## Problem
Please return each entry that follows exactly as given, but without pictures.

____

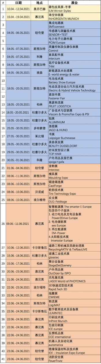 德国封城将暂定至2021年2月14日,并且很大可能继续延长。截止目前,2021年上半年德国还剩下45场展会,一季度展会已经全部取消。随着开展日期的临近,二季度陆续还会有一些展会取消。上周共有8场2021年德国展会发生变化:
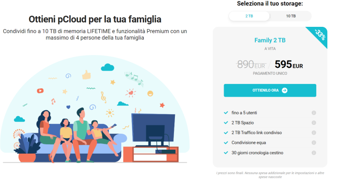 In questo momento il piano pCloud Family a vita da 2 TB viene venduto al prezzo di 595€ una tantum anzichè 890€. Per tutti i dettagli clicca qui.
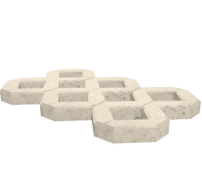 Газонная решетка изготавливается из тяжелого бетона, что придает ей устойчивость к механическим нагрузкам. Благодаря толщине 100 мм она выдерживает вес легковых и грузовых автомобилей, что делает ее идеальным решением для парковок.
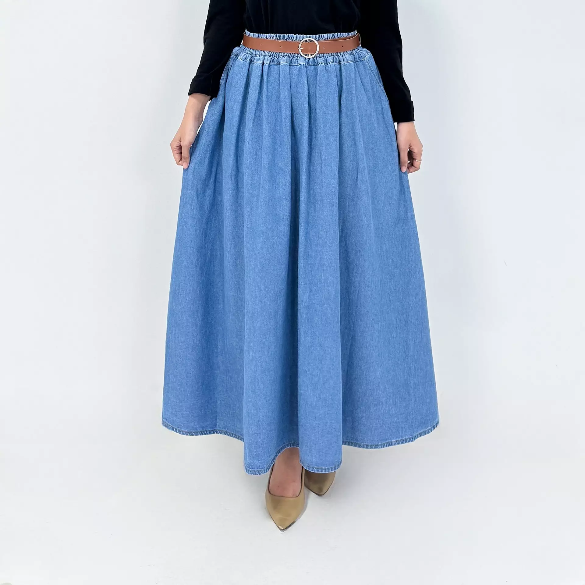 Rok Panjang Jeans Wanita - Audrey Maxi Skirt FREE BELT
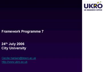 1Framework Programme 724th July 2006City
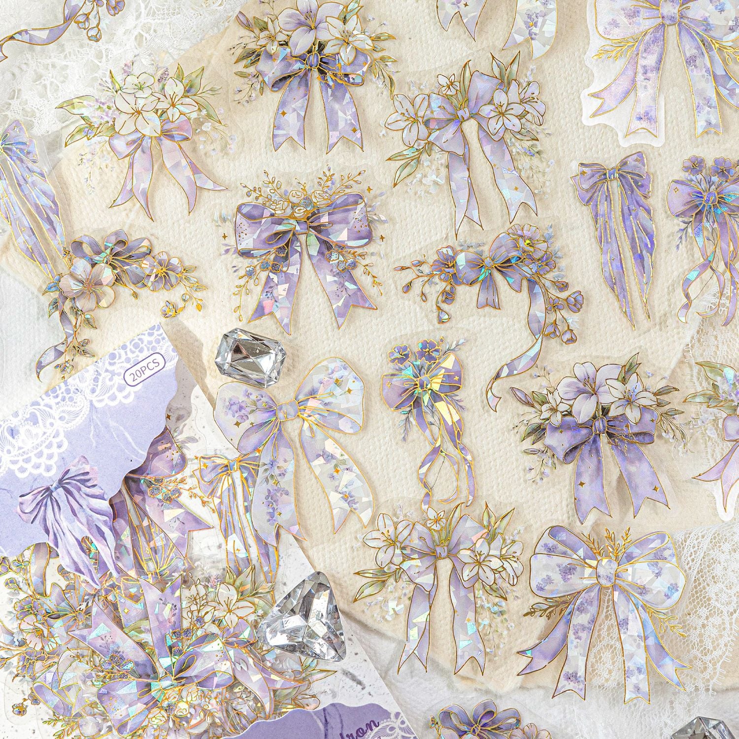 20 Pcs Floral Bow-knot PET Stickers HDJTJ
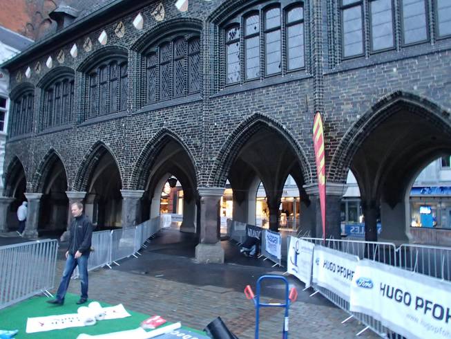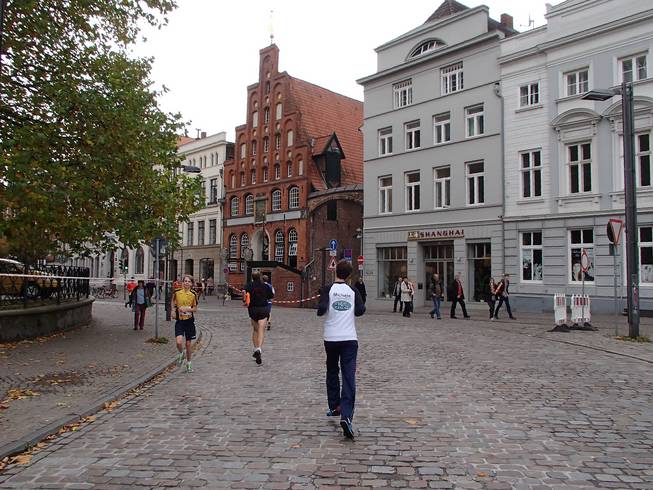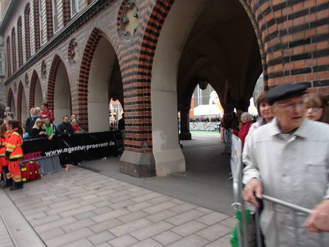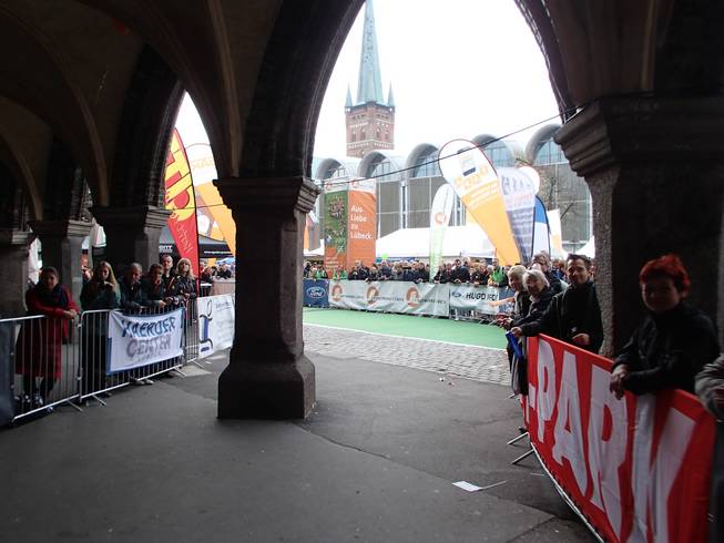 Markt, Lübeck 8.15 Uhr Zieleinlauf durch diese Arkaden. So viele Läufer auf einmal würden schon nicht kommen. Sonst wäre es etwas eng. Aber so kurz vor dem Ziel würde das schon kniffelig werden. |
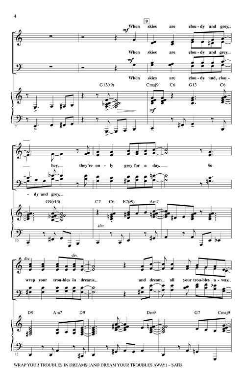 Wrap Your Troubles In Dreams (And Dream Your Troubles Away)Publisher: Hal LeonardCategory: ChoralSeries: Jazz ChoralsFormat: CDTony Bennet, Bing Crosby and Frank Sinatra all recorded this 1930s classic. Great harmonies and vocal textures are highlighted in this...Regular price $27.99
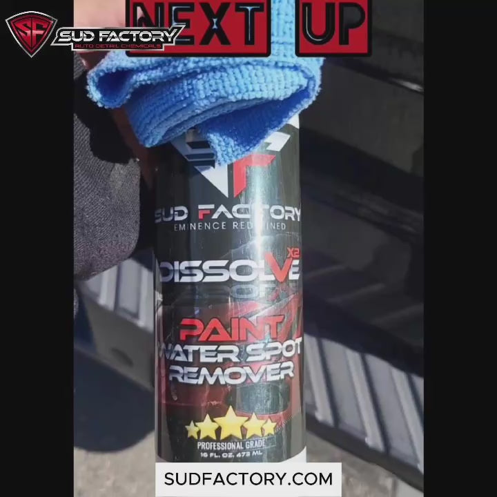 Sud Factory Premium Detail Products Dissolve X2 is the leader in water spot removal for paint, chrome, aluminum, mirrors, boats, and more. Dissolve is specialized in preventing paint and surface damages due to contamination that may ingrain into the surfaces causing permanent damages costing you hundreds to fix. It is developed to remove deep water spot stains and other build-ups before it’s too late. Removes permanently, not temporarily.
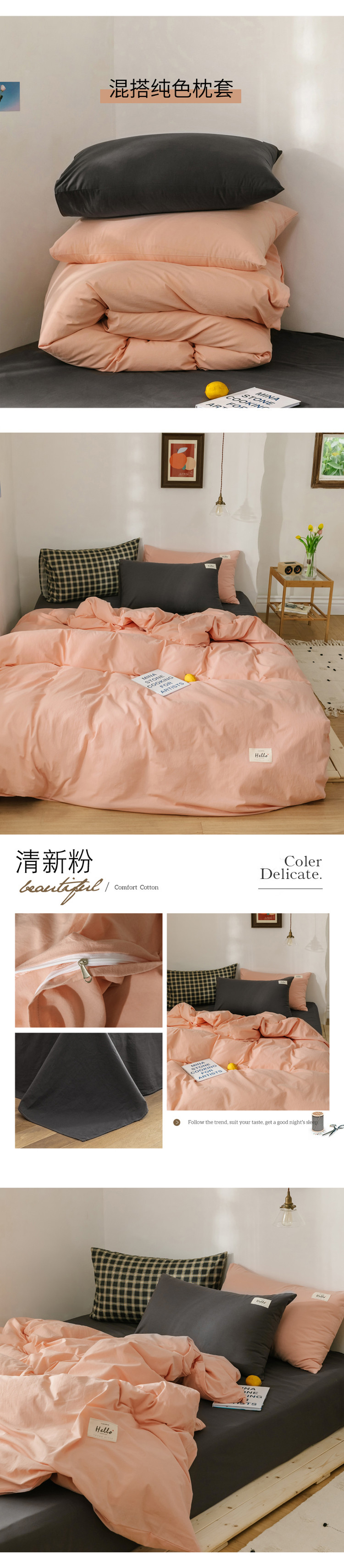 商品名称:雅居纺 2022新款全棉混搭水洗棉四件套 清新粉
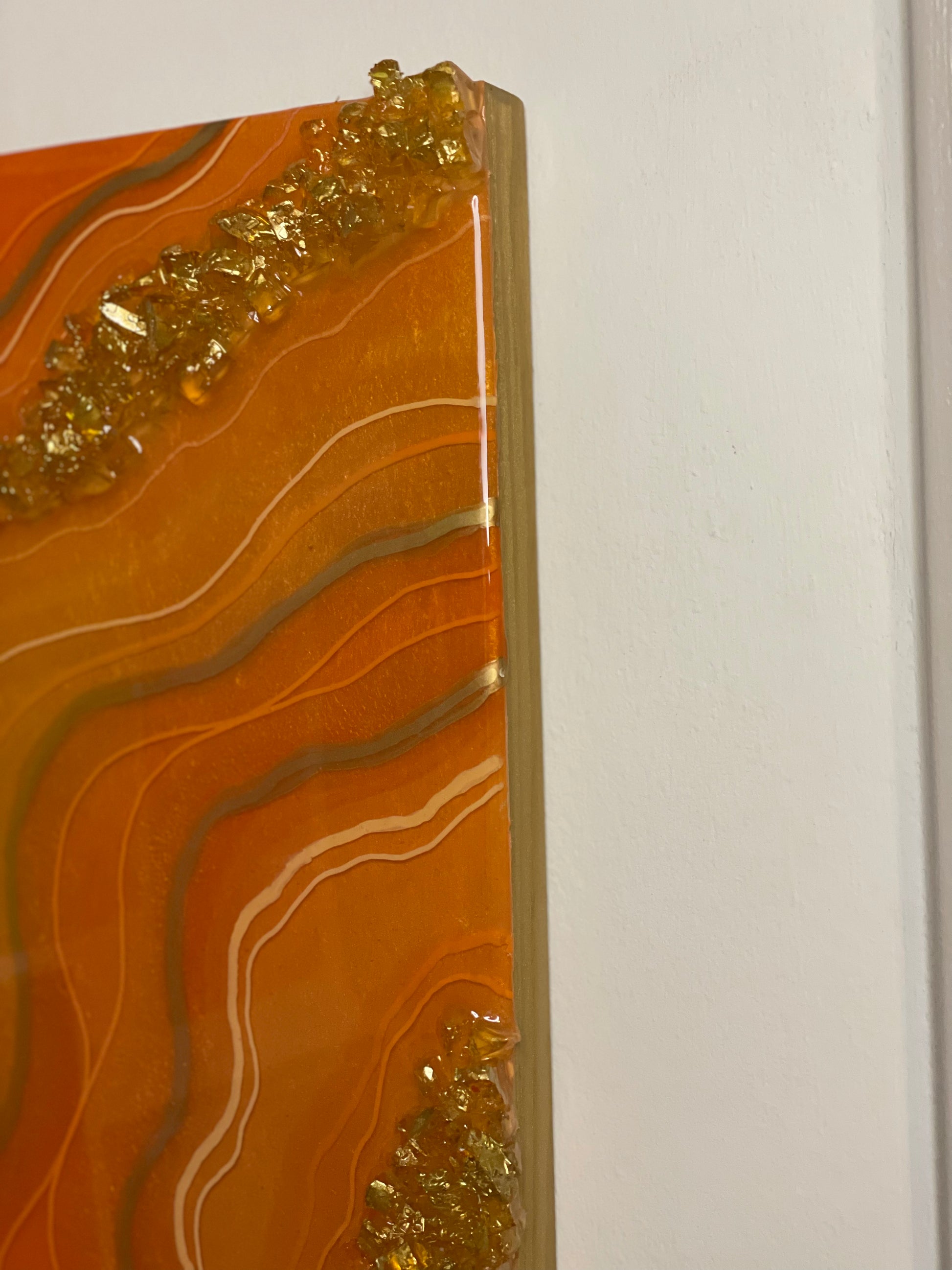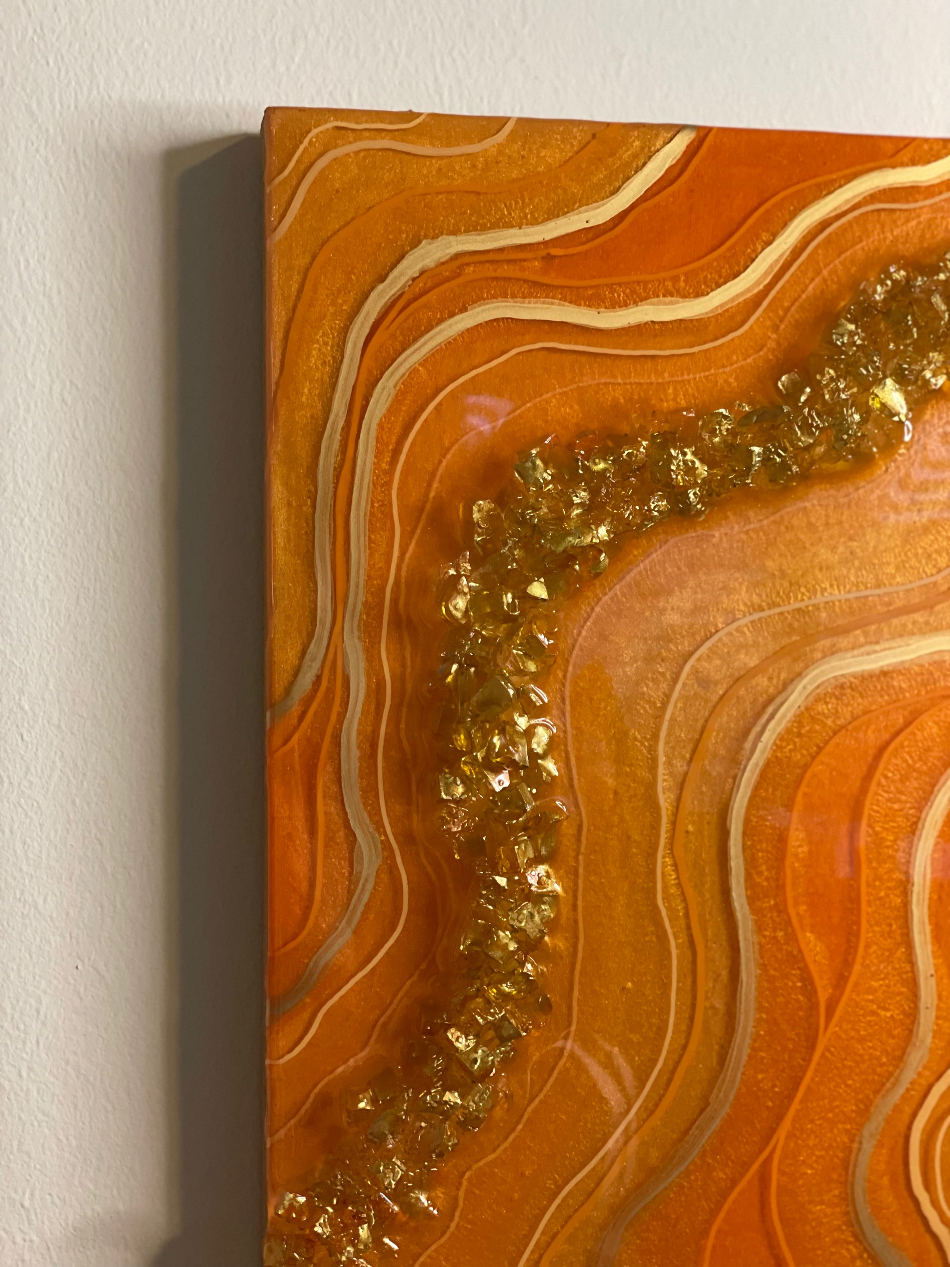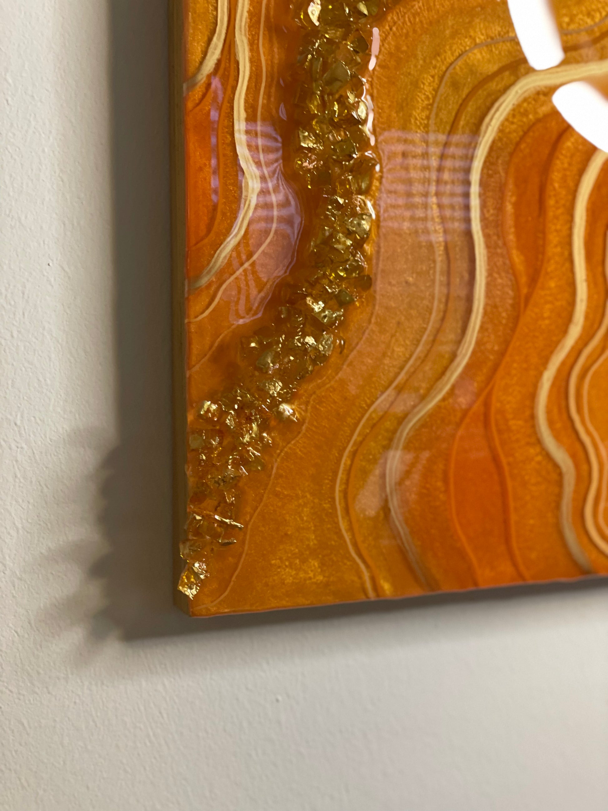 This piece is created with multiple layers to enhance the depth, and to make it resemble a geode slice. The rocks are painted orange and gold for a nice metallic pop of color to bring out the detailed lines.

____

## Exercise response
 德国封城将暂定至2021年2月14日,并且很大可能继续延长。截止目前,2021年上半年德国还剩下45场展会,一季度展会已经全部取消。随着开展日期的临近,二季度陆续还会有一些展会取消。上周共有8场2021年德国展会发生变化:
 In questo momento il piano pCloud Family a vita da 2 TB viene venduto al prezzo di 595€ una tantum anzichè 890€. Per tutti i dettagli clicca qui.
 Газонная решетка изготавливается из тяжелого бетона, что придает ей устойчивость к механическим нагрузкам. Благодаря толщине 100 мм она выдерживает вес легковых и грузовых автомобилей, что делает ее идеальным решением для парковок.
 Rok Panjang Jeans Wanita - Audrey Maxi Skirt FREE BELT
 1Framework Programme 724th July 2006City
 20 Pcs Floral Bow-knot PET Stickers HDJTJ
 Markt, Lübeck 8.15 Uhr Zieleinlauf durch diese Arkaden. So viele Läufer auf einmal würden schon nicht kommen. Sonst wäre es etwas eng. Aber so kurz vor dem Ziel würde das schon kniffelig werden. |
 Wrap Your Troubles In Dreams (And Dream Your Troubles Away)Publisher: Hal LeonardCategory: ChoralSeries: Jazz ChoralsFormat: CDTony Bennet, Bing Crosby and Frank Sinatra all recorded this 1930s classic. Great harmonies and vocal textures are highlighted in this...Regular price $27.99
 Sud Factory Premium Detail Products Dissolve X2 is the leader in water spot removal for paint, chrome, aluminum, mirrors, boats, and more. Dissolve is specialized in preventing paint and surface damages due to contamination that may ingrain into the surfaces causing permanent damages costing you hundreds to fix. It is developed to remove deep water spot stains and other build-ups before it’s too late. Removes permanently, not temporarily.
 商品名称:雅居纺 2022新款全棉混搭水洗棉四件套 清新粉
 This piece is created with multiple layers to enhance the depth, and to make it resemble a geode slice. The rocks are painted orange and gold for a nice metallic pop of color to bring out the detailed lines.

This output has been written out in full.